Perhaps it is easy for HMRC to request info from Clubs HO but a pain for them to try to track a few farmers, so why would some of these small units bother to get involved with HO? Forget the moralaties.


----------



## cabby (May 14, 2005)

As a matter of interest Geoff, should that not read Morality and not Moralities.
I believe that this includes plural.
I could be wrong so I would welcome to be corrected.

cabby


----------



## aldra (Jul 2, 2009)

Cabby
There you go again:surprise::frown2::smile2:>

Sandra


----------



## cabby (May 14, 2005)

Go again where Sandra, I never moved.honest.00


cabby

edit, Geoff, Taken the time to look it up and have to admit I was incorrect.


----------



## nicholsong (May 26, 2009)

cabby said:


> As a matter of interest Geoff, should that not read Morality and not Moralities.
> I believe that this includes plural.
> I could be wrong so I would welcome to be corrected.
> 
> cabby


You might be right in that the noun could be collective or pluralistic. I do not have my Oxford Dictionary to hand - I keep it in the MH for encounters with other itinerant pedants.

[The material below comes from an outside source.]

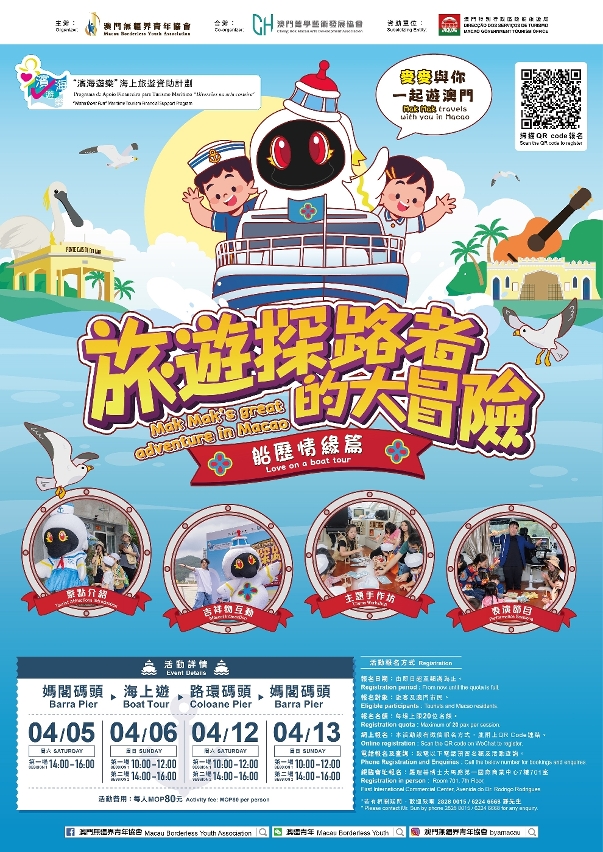 “旅遊探路者的大冒險_船歷情緣篇”於4月5日、6日、12日和13日舉行,以旅遊吉祥物“麥麥”的探險遊歷作主軸,帶領參加者穿梭媽閣碼頭至路環碼頭的濱海路線,在路環碼頭泊岸及參觀路環三聖宮、路環電力廠原址、恩尼斯總統前地,了解澳門歷史故事,並透過互動遊戲、主題手作,豐富旅遊體驗。

However, could you please explain the need for upper case 'M' in your question?

If two cultures have entirely different moral systems can both their ethical ideals be described under a single word 'morality' or does one have to resort to long phraseology of e.g 'The morality of the X ....culture' and the 'morality of the Y.....culture'? Would it be more efficient linguistically to describe it as two 'moralities'? or would you prefer 'ethicsities'?

Of course we are now getting into the distinction between ethics and morals, which has kept philosphers, ancient and modern, in work, paid and unpaid, for centuries. As it has linguists, to tortuously explain/unexplain the language of the former.

Which leads us back to my use of the word 'moralities'.

Circular discussions are so comfortable, since they never lead us off into unknown territory, do you not think, or surmise, or philosophise?

And a Goodnight to all my reader.

Geoff


----------



## cabby (May 14, 2005)

Just a simple typo Geoff. But In a roundabout route you could be correct in your assumption. However I would call morals a code of conduct and ethics a code of principle. 

cabby


----------



## emjaiuk (Jun 3, 2005)

If this is a discussion about 5 van sites rather than the use of the english language, I seem to remember a very detailed discussion on F u n on this subject. Some of the things that I seem to remember were that the exemption scheme by which authorised organisations can set up 5 UNIT sites wasn't run by the DoE by another rural/ agricultural type of gov. dept. The other point which struck me as a way to UK aires is that the Motor Caravaners Club is an authorised organisation


Malcolm


----------